Sitemap Generator – Settings
Sitemap Generator buttons, commands and tabs…
The “Settings” window allows you to configure program behavior.
“Max.file size” is the maximal filesize accepted. Every target file (page) bigger than this will be skipped and will be labeled as “failed”
“Max.URL length” — this is the maximal size of the URL in characters. URLs longer than this will be skipped.
“Server Response Timeout” — this is the max.time that Sitemap Generator will wait for the target server to respond
“Delay between pages” — this says the program how long to wait before downloading the next page (gives you a way to control the server load)
The “www” checkbox at the bottom, if checked, will instruct the program to crawl both “www.domain.com” and “domain.com” as the same site. Usially the “www.” prefix points to the same site, but because “www.” is in fact a subdomain, it may be separate site. If so – check this box to tell the program that these are different sites.
You can set additional delay after some amount of page, for example, you can set the generator to stop for 5 seconds after every 100 pages downloaded. This is just another server-load control feature (put larger delays or make these stops often to decrease server load (slower scanning)
Stop After XXX pages — use this to increase the max. number of pages scanned. Don’t set the limit over 50 000 pages — the tool will crash and google will not accept the sitemap file produced (because they limit the number of pages in one sitemap to 50 000 links)
- Google (XML) Settings
Here you can define additional tags for the google sitemap file.
These additional attributes are not mandatory — google will crawl your site in it’s default way — but if you want you can set these here. Just note that you will set the same attributes for all the pages in the sitemap.

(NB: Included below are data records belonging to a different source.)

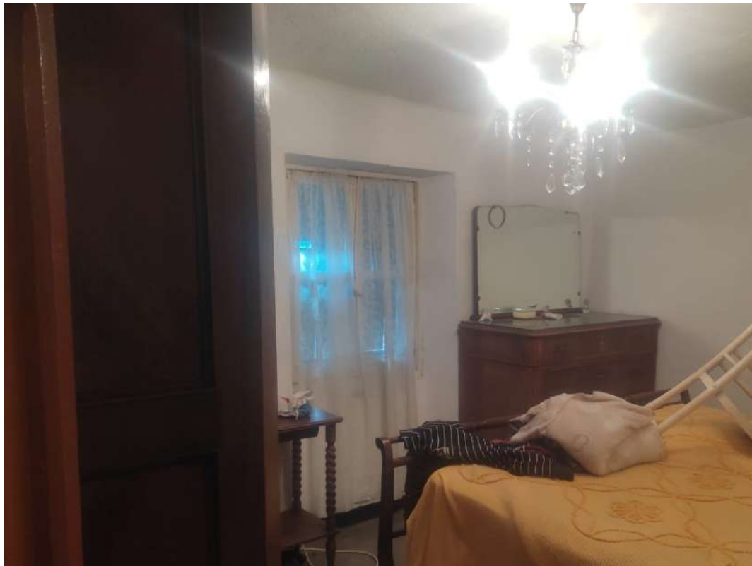
Camera 2 – piano primo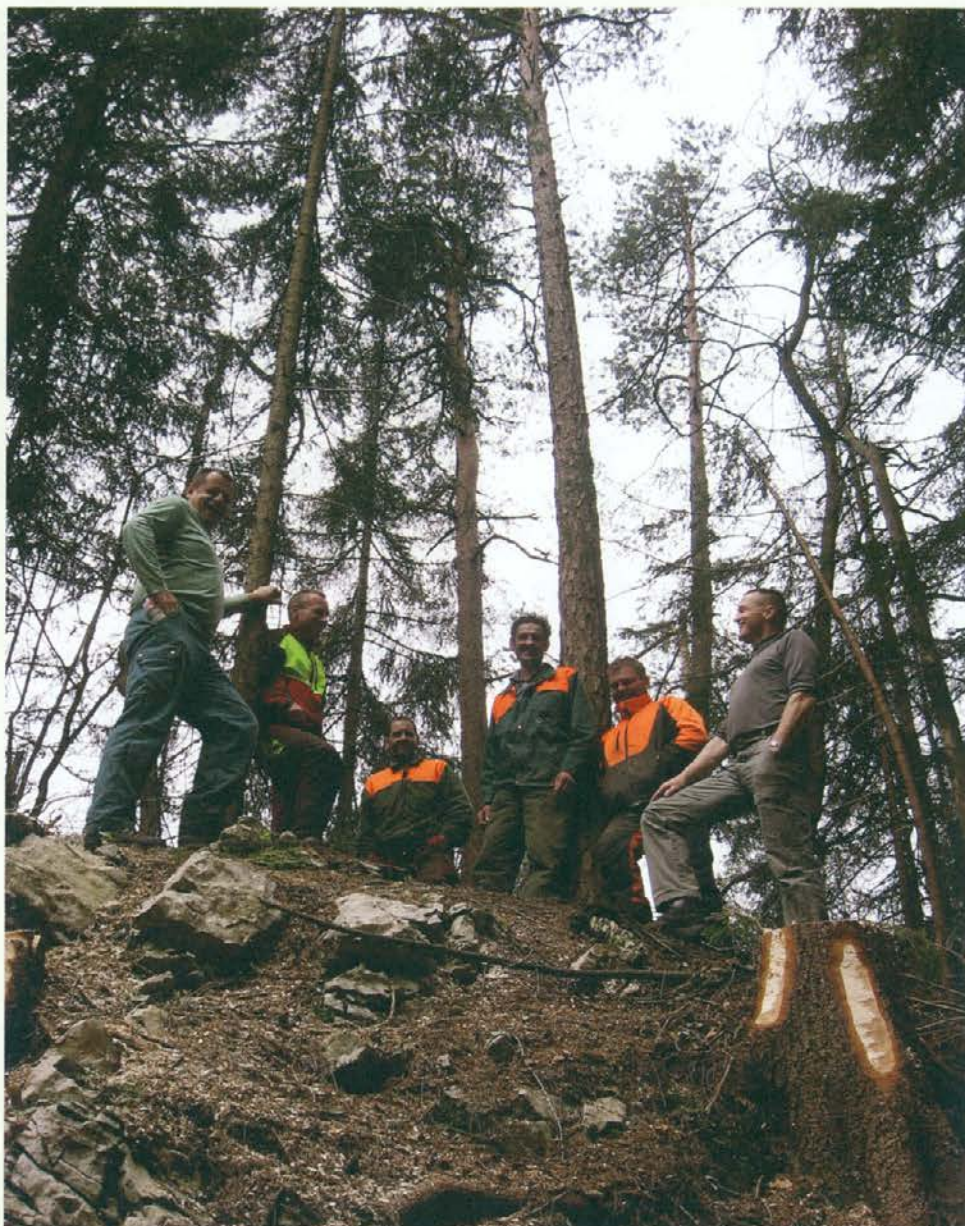
Slovenjgraški olcarji v družbi gozdarjev KE Slovenj Gradec med malico nad Suhim dolom

Da bi zmanjšali prekomerno namnožitev podlubnikov, je zelo pomembno, da pravočasno posekamo poškodovane iglavce. Upoštevati je treba navodila revirnih gozdarjev, podana na odločbi. V koroškem gozdnogospodarskem območju so revirni gozdarji izdali lastnikom poškodovanih gozdov individualne C-odločbe z rokom izvedbe poseka in izdelave označenih iglavcev do 15. maja 2014. Vsem lastnikom gozdov, ki so jim bile za sanacijo žledoloma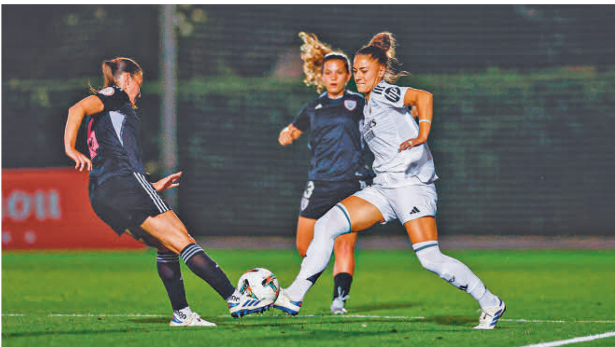
Ambos equipos ya se vieron las caras en un amistoso de la reciente pretemporada, con resultado final de 1-1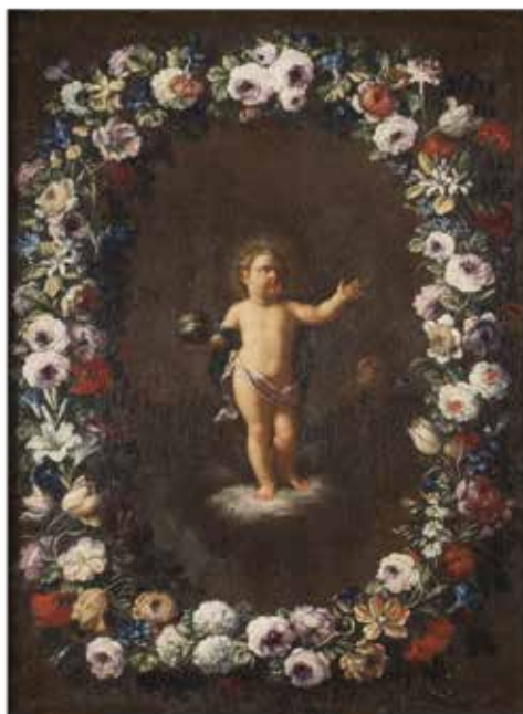
129 MARIO NUZZI DETTO MARIO DEI FIORI, SEGUACE DI XVIII Sec. "Bambino Gesù e San Giovannino in ghirlanda di fiori", coppia di oli su tela, entro cornici 40x30,5 cm.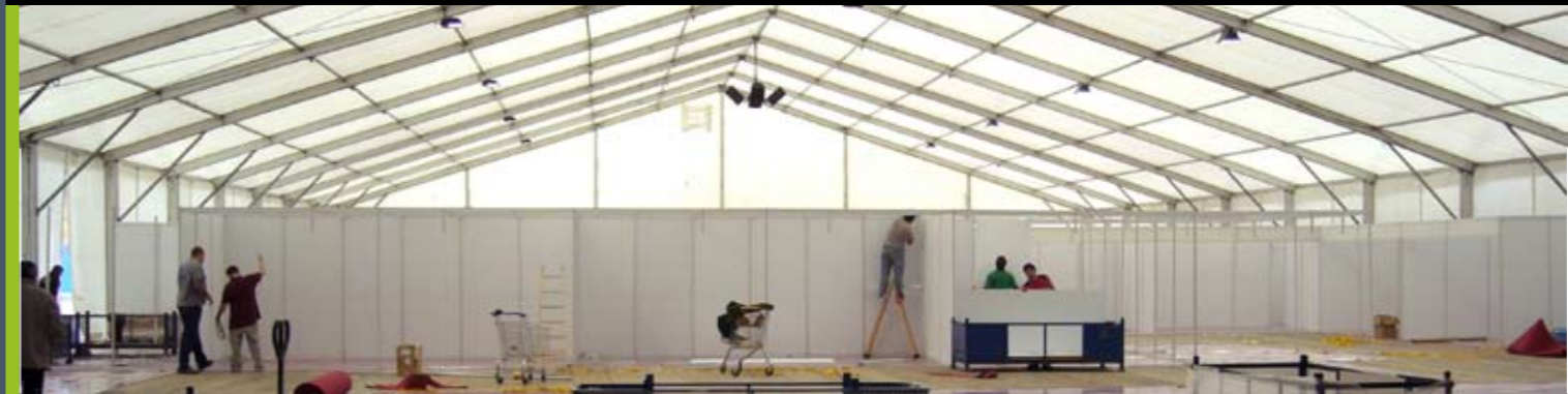
Instal·lació de la carpa.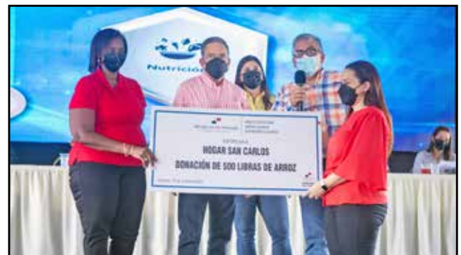
Los hogares San Carlos, Dalexa, Bella Vista y Las Cumbres, donde se encuentran reclusos adultos mayores en condición especial, encamados, discapacitados y con demencia senil, recibieron la donación de arroz (1,100 libras en total).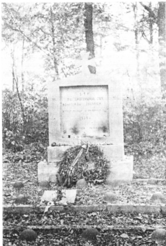
Skromny pomnik ku czci poległych na cmentarzu w Dobrzykowie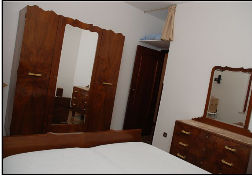
Camera / Zimmer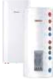
Комбіновані (непрямі) водонагрівачі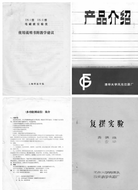
图4 “兰州会议”期间教学仪器厂商或教学单位(高等学校)展示或介绍所研发教学仪器说明书及其教学建议等

图5和图6分别给出了《全国综合性大学近代物理实验教学交流会论文集(一九八一年)》油印本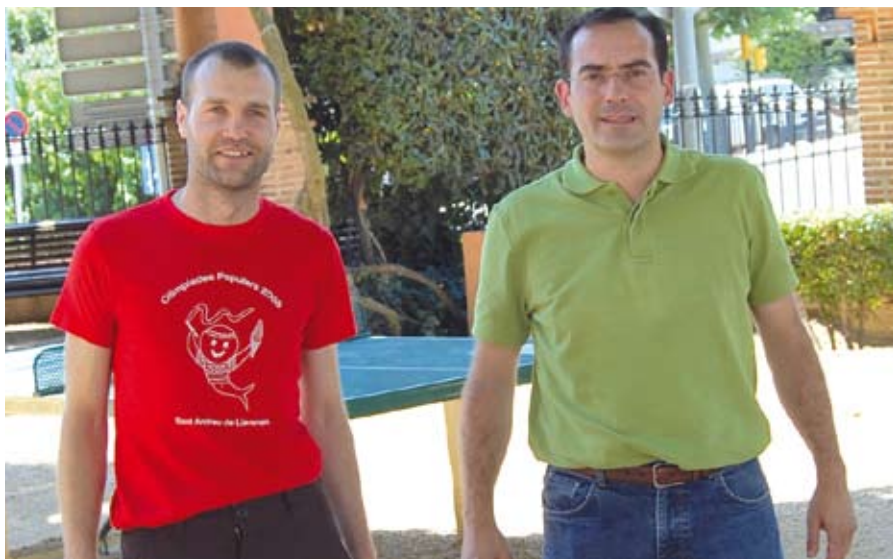
El tècnic i el regidor de l'àrea, a Ca l'Alfaro.

La Regidoria d'Esports també coordina el calendari d'utilització de les instal·lacions amb els clubs esportius que les ocupen durant la temporada regular, com són el CE Llavaneres, el Club Bàsquet Llavaneres i els veterans de futbol sala.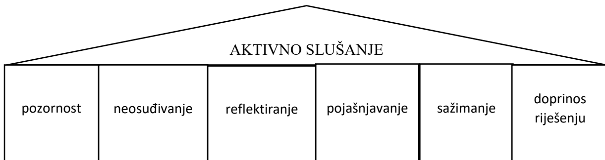
Slika 7. Vještine aktivnog slušanja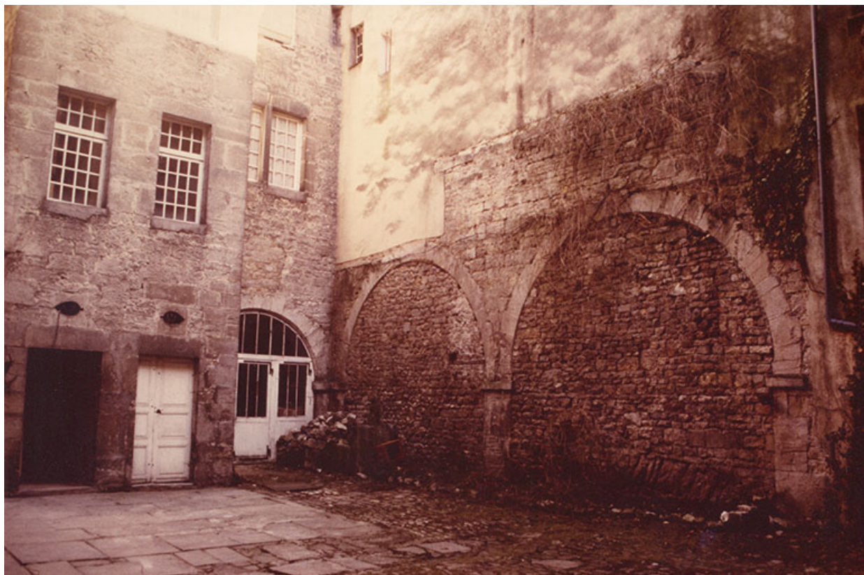
Mur sud de la cour, où apparaissent les grandes baies cintrées, symétriques à celles du mur nord, 1985. 39, Salins-les-Bains, 79 rue de la République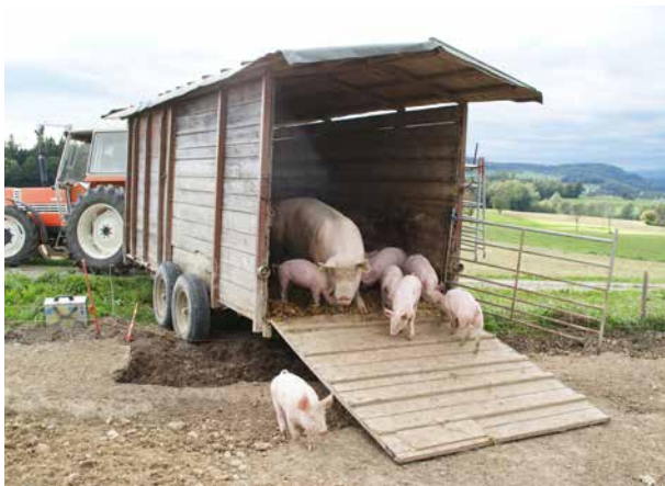
Einfache Einrichtungen kennzeichnen die Freilandhaltung.

Das Areal ist von zwei Zäunen umgeben, aussen von einem flexiblen Maschenzaun, wie er für Schafe verwendet wird, und innen von drei Drähten. Beide Zäune stehen unter Strom. Der äussere Zaun soll vor allem Wildschweine abhalten. Auf deutschem Gebiet, auf welchem Siegrists auch einige Felder haben, ist dieser Zaun Vorschrift und zwar vor allem wegen der Gefahr, dass Wildschweine die Schweinepest übertragen könnten. Um das Futter müssen sich die Ferkel noch nicht gross sorgen, denn das bekommen sie vor allem über die Muttermilch. Je älter sie werden, desto mehr fressen sie in den langen Trögen, aus denen ihre Mütter gefüttert werden. Ein eigenes Ferkelfutter bekommen sie nicht.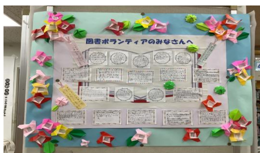
全児童を代表して委員会からの感謝のメッセージ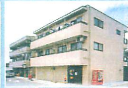
社員寮・社宅のイメージ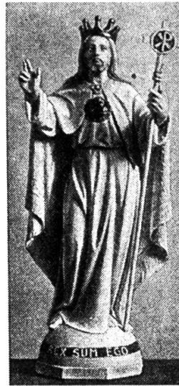
Abbildung 6: Herz-Jesu-Statue, die neben zahlreichen anderen Modellen 1922 unter der Überschrift «Neue Herz-Jesu-Statuen» vom Jahrbuch der feierlichen Familienweihe empfohlen wurden, vgl. Jahrbuch der feierlichen Familienweihe an das heiligste Herz Jesu, 4 (1922), 71.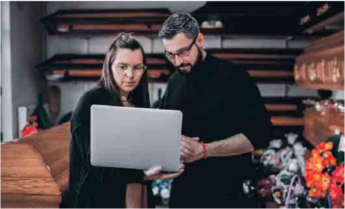
Alles digital bei der Bestattungsplanung? Wie helfen digitale Services bei einer Bestattung - und wann ist der Mensch das bessere Gegenüber?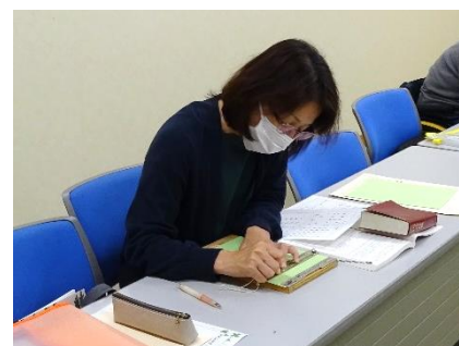
点訳ボランティア養成講座 (昼の部 5/20~・夜の部 5/24~)

☆ボランティア養成講座の詳細については、ホームページや講座紹介冊子(裏面)をご覧ください。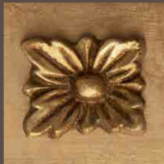
Cod 008_Oro anticato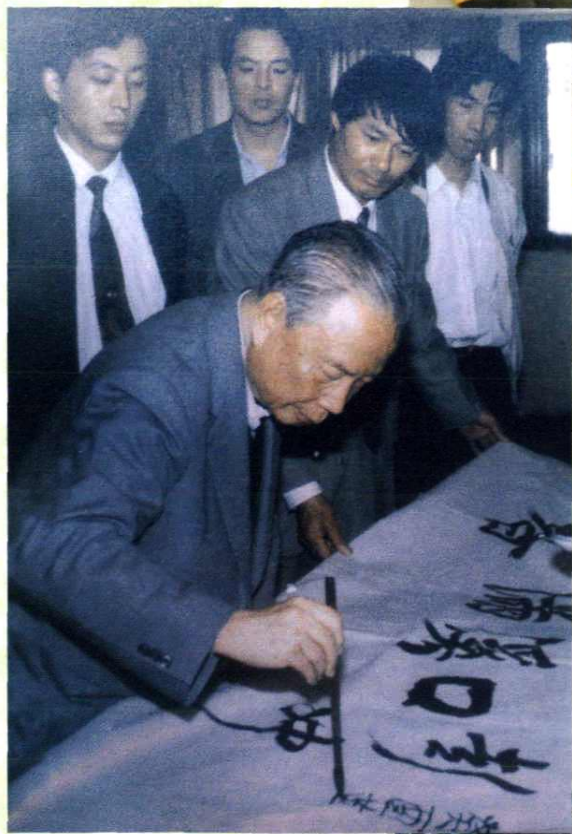
1990年7月1日，全国人大常委 会副委员长彭冲视察溪口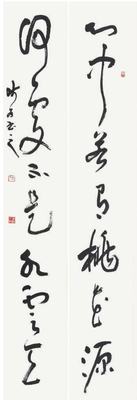
书法 景喜 作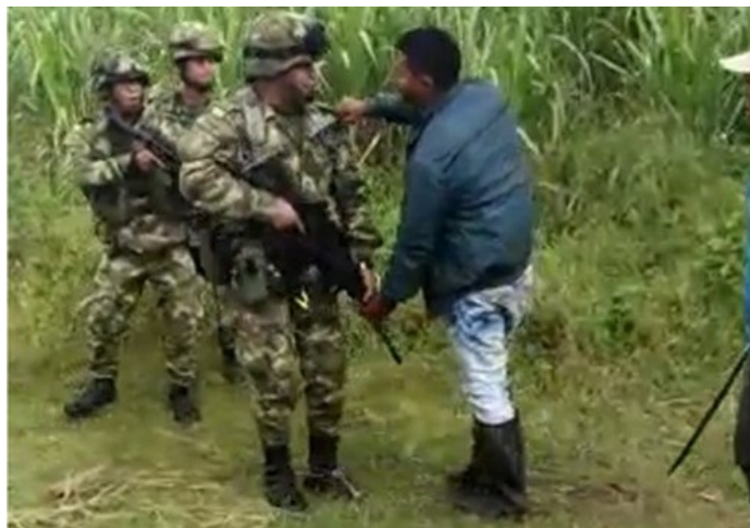
Ilustración 9. Liberación de la madre tierra. Imagen tomada del video Indígenas protegen La Madre Tierra, ver en https://www.youtube.com/watch?v=IO14UumtKEA

Los jóvenes que no alcanzan a beneficiarse de los proyectos y programas para indígenas, tienen pocas opciones y una de ellas es continuar el camino de lucha de sus ancestros. Algunos de ellos se van a Liberar la Madre Tierra, a cultivar comida en medio de las balas disparadas por el Ejército nacional desde los puestos de vigilancia privada de los terratenientes del Valle del Cauca 25 .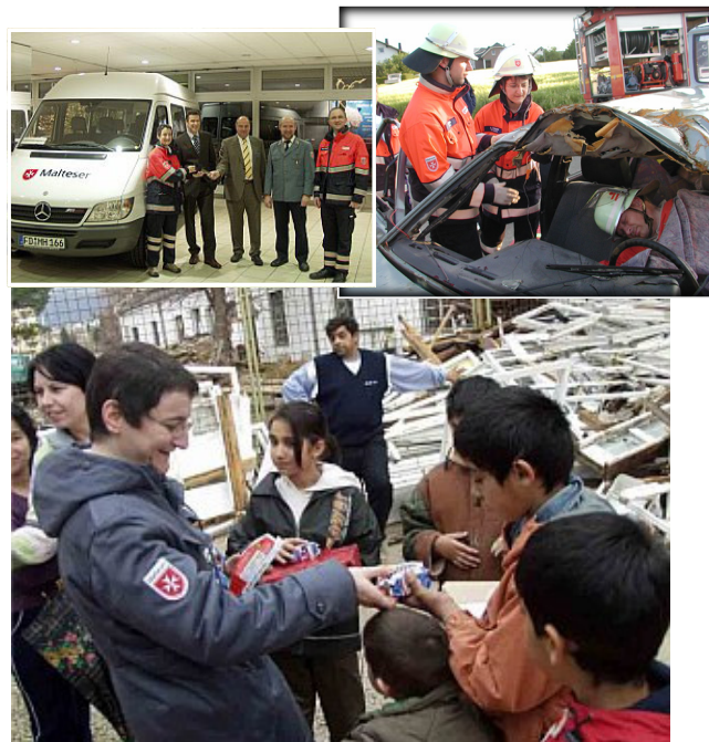
Sanitäts- und Betreuungsdienst, Arbeit im Auslandseinsatz: Alt und jung gemeinsam für die gute Sache freiwillig und im Ehrenamt zur Ehre Gottes und zum Heil der Menschen.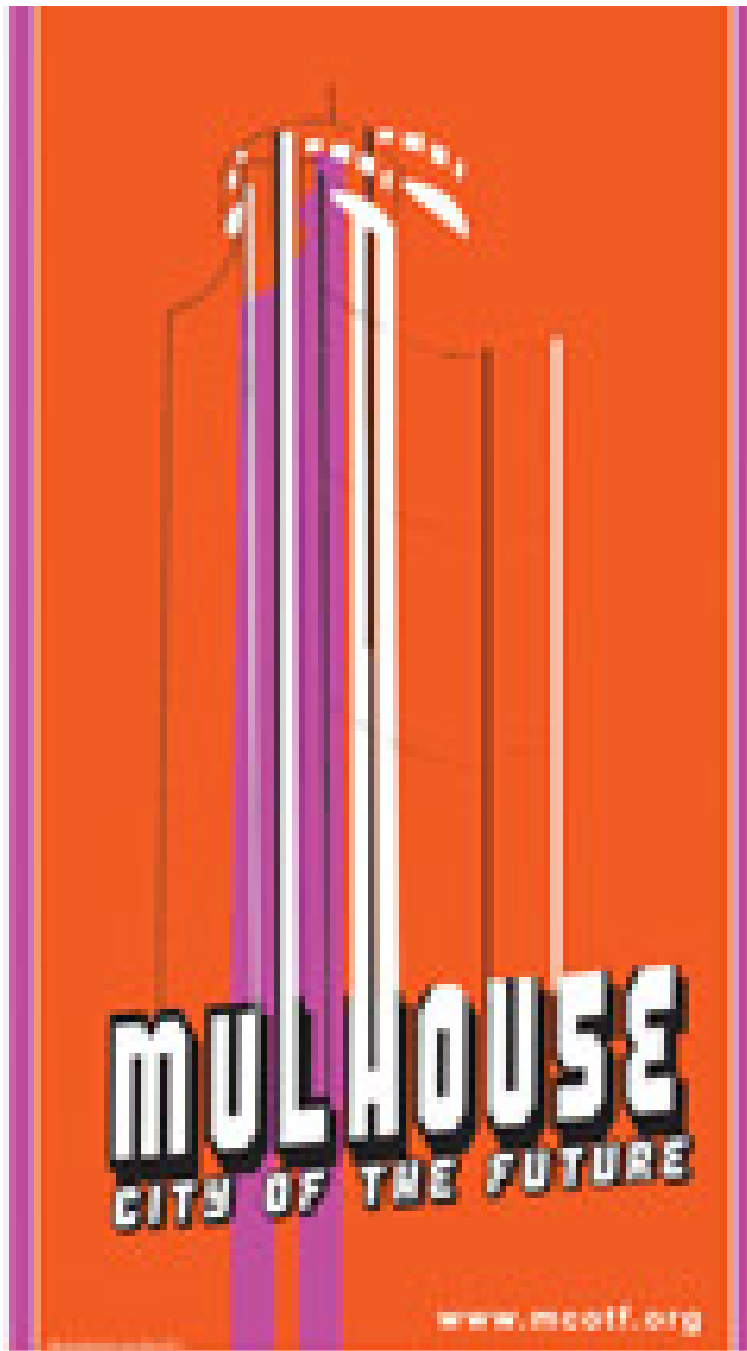
Affiche d'un des événements (et aussi objets culturels) ayant utilisé la Tour de l'Europe comme objet de leur communication ; ici le festival Mulhouse City of The Future (2006)

Use this combo-box to set the maximal number of simultaneous connections. In most cases this will speed-up the process of crawling, however – the target server will receive more concurrent conections which may be potential problem (may slow-down the server speed, unless you have a dedicated server hosting your site). In general – use this option only AT YOUR OWN RISK.
“Clear Cache” button
The “cache” is temp folder where the program stores all crawled (downloaded) files since the program start. On exit Sitemap Generator will delete these files. They exist only to make the crawling faster — for example, if you click the “Stop” button and then restart scanning the site, the second time crawler will get the files crawled on the first start from cache, without downloading them again. “In case you want to re-download all pages from the server, just click the “Clear Cache” button.